Besides, who uses the floppy drive under Unix anyway? ;-)

> 
> 
> > Can you tell me what piece of code is at fault?  I'm guessing it's
> > the EISA probe code, since this problem didn't exist in FreeBSD
> > before the eisa-probe code was added.
> 
> No, i can't.  I'm not an EISA expert.  The attach function for the
> bt7xx is not very large.
> 
> It's not surprising that it worked in ISA mode, since it simply had to
> believe your config statement there.
> 
> >  Perhaps I can try inserting some fprints in it to get some more
> > data for this?  Also, why is the driver being hosed by the
> > eisa-probe, even when the later driver probe gets the correct
> > interrupt?
> 
> Don't ask me.  Julian or Justin might be the guys with more knowledge.
> 
> > One last question I have for you, can this card do sync 10Mbt
> > negotiation?
> 
> It did for me, here, i still found an old probe message:
> 
> uriah /kernel: bt0: targ 0 sync rate=10.00MB/s(100ns), offset=15
> uriah /kernel: bt0: targ 1 sync rate=10.00MB/s(100ns), offset=15
> uriah /kernel: bt0: targ 2 sync rate= 4.00MB/s(250ns), offset=15
> uriah /kernel: bt0: targ 3 async
> uriah /kernel: bt0: targ 4 sync rate= 4.54MB/s(220ns), offset=08
> 
> (Targets 0 and 1 are disks, 2 is a Toshiba CD, 3 is an old SONY SMO
> optical drive [actually, an ESDI-to-SCSI bridge], 4 is a Tandberg
> QIC 2.5GB tape.)
>

Good, there's hope at least.
 
I have two other questions for you, if you don't mind answering.

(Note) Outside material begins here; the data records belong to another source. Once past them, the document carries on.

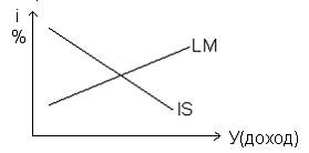 Установите результаты взаимодействия налогово-бюджетной и кредитно-денежной политик, если правительство для увеличения занятости увеличивает государственные закупки товаров, а Центральный банк увеличивает предложение денег, то … ?) кривая LM сдвинется влево и реальный доход снизится ?) кривая IS сдвинется вправо и доход увеличится ?) кривая LM сдвинется вправо и доход увеличится ?) кривая IS сдвинется влево и реальный доход снизится Вопрос id:2222617 Тема/шкала: 1657.05.01;Т-Т.01;2 - Тест-тренинг - Экономическая теория (курс 1) На рисунке показаны кривые IS (инвестиции-сбережения) и LM (ликвидность -деньги).
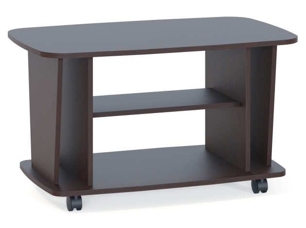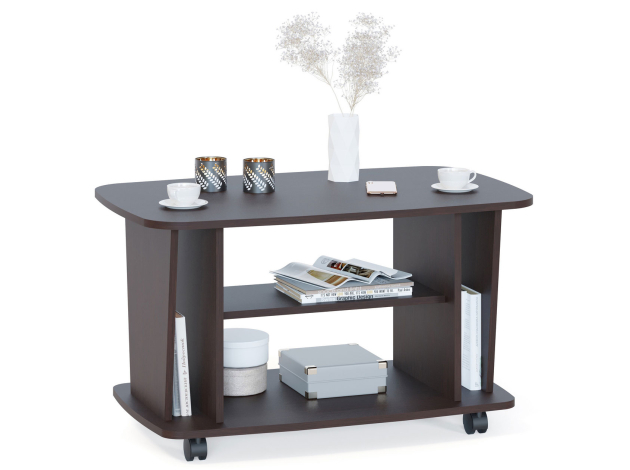 Журнальный столик Альвито оснащен поворотными колесиками, поэтому легко перемещается по комнате. Несколько отделений помогут разместить в быстром доступе книги, ноутбук и коробки с разными мелочами. Края столешницы и основания скруглены. Это делает модель комфортной даже для тесной гостиной, где выше риск удариться об острый угол мебели.
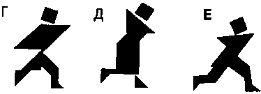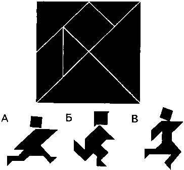 Перед вами китайская геометрическая головоломка. Попробуйте сделать таких бегущих человечков. Помните, что в каждой фигуре нужно использовать все 7 частей головоломки. Схема (рис. вверху) поможет вам сделать собственную головоломку из куска картона. Без этой схемы невозможно собрать квадрат из разных частей головоломки. Попробуйте — и поймете сами!
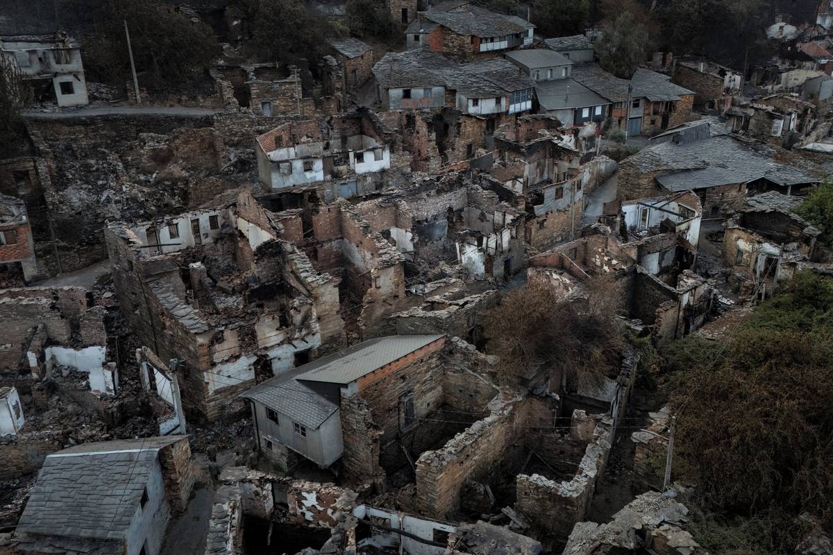 (Letecký pohled na San Vicente de Leira, jednu vesnic poškozenou požáry, vyfoceno 21. srpna 2025 v Galicii.)
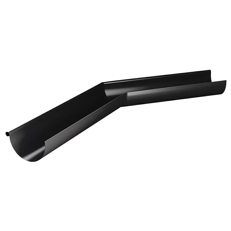 Угол желоба наружный D125 мм 135° черный RAL9005 с покрытием PURMAN серии МП Престиж от Металл Профиль. Предназначен для соединения водосточных желобов под углом 135 градусов, для смены направления движения воды в стоке. Обеспечивает непрерывность линии водостока. Устанавливается на наружных/выступающих углах здания.
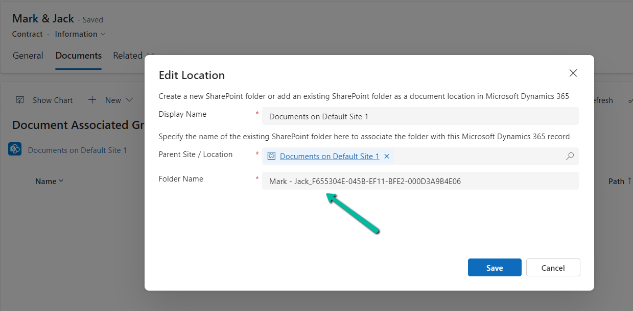 Below is the GUID / record we have specified while creating the SharePoint Document Location record, the SharePoint Document location configured for that particular table.
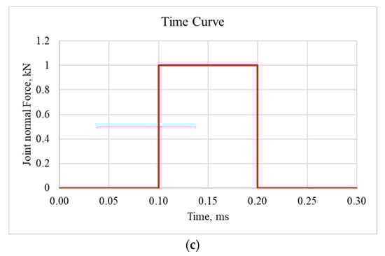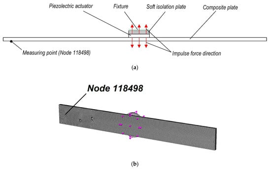 In this section, the analytical research and simulation results of the defect determination in the composite material are presented. By using the SolidWorks 2019 nonlinear simulation software, a computational finite-element model of the composite plate was created. Composite plate, in which its properties and geometric characteristics are presented in Table 1, was excited with impulse force (parameters presented in Figure 4c), added on opposite sides of a piezoelectric transducer (actuator) (Figure 4a), and its displacement response was measured at nodal point no. 118498. Notice, that both excitation and measuring points correspond to the centers of excitation and measuring transducers, respectively, used in experimental research. Contact between all parts—composite plate, piezoelectric actuator, and soft isolation layer was set as bonded. All this structure was fixed on the soft isolating material layer’s (parameters presented in Table 1) face, as it was done in experimental research. Schematic representation of boundary conditions is presented in Figure 4a. The application of piezoelectric sensors in damages or different type of defect detection was used by other authors [20,21,31]; as for a structural health monitoring (SHM) system, this method is of great significance [32].
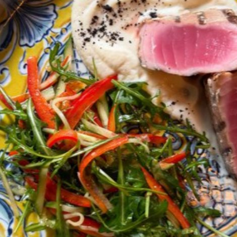 Филе тунца, мусс из сельдерея, рукола, перец болгарский, огурец, кунжутное масло.
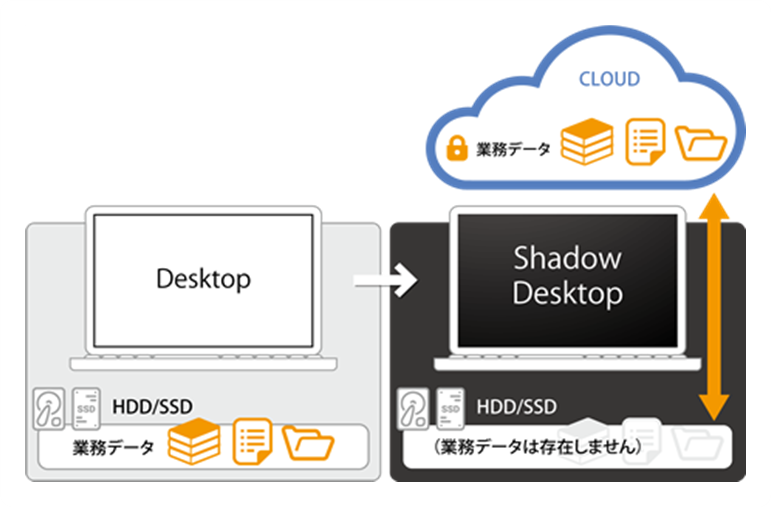 Shadow DesktopはPC紛失時の情報漏洩対策や、リモートワークの生産性向上が総合的に行えるデータレスクライアント製品です。FAT PCにインストールするだけで、操作感を変えずにPCをデータレス化できます。

The first is that this machine has
an Archive Anaconda 1.3GB QIC SCSI tape drive in it, that is sensed by the bt
driver and listed in the probe.  I can insert a DC600A tape in it, run "mt status"
and the drive knows that it is a QIC-120 tape.  Similarly, a DC6150 is sensed as a 
QIC-150, and a DL 9135 is sensed as a QIC-1350.

The problem is with all those tapes, the available modes listed are all
Density = 0x00, Blocksize variable, and when I attempt to read or write anything
from the tape I get NOT READY errors.

I think this requires that I add a listing for this drive in the "Rogue's
gallery" in the st.c driver, to get it to properly set up the modes.  Unfortunately, 
I don't have the spec sheet that came with this drive, but I remember it and it was 
very sparse. (basically a relisting of what you can already read about using "man 
mt")  Also, I don't understand the format of the gallery, is there any documentation
on how to do this around?

The other question is, I have setup X on this, it has a ET4000w32 board with
1M of ram on it.  I have tried starting the server in any color plane other than 8bbp
using an .xserverrc file, and I get an error message "ET4000W32: Unsupported
depth (16)" (for example)  Any ideas or suggestions?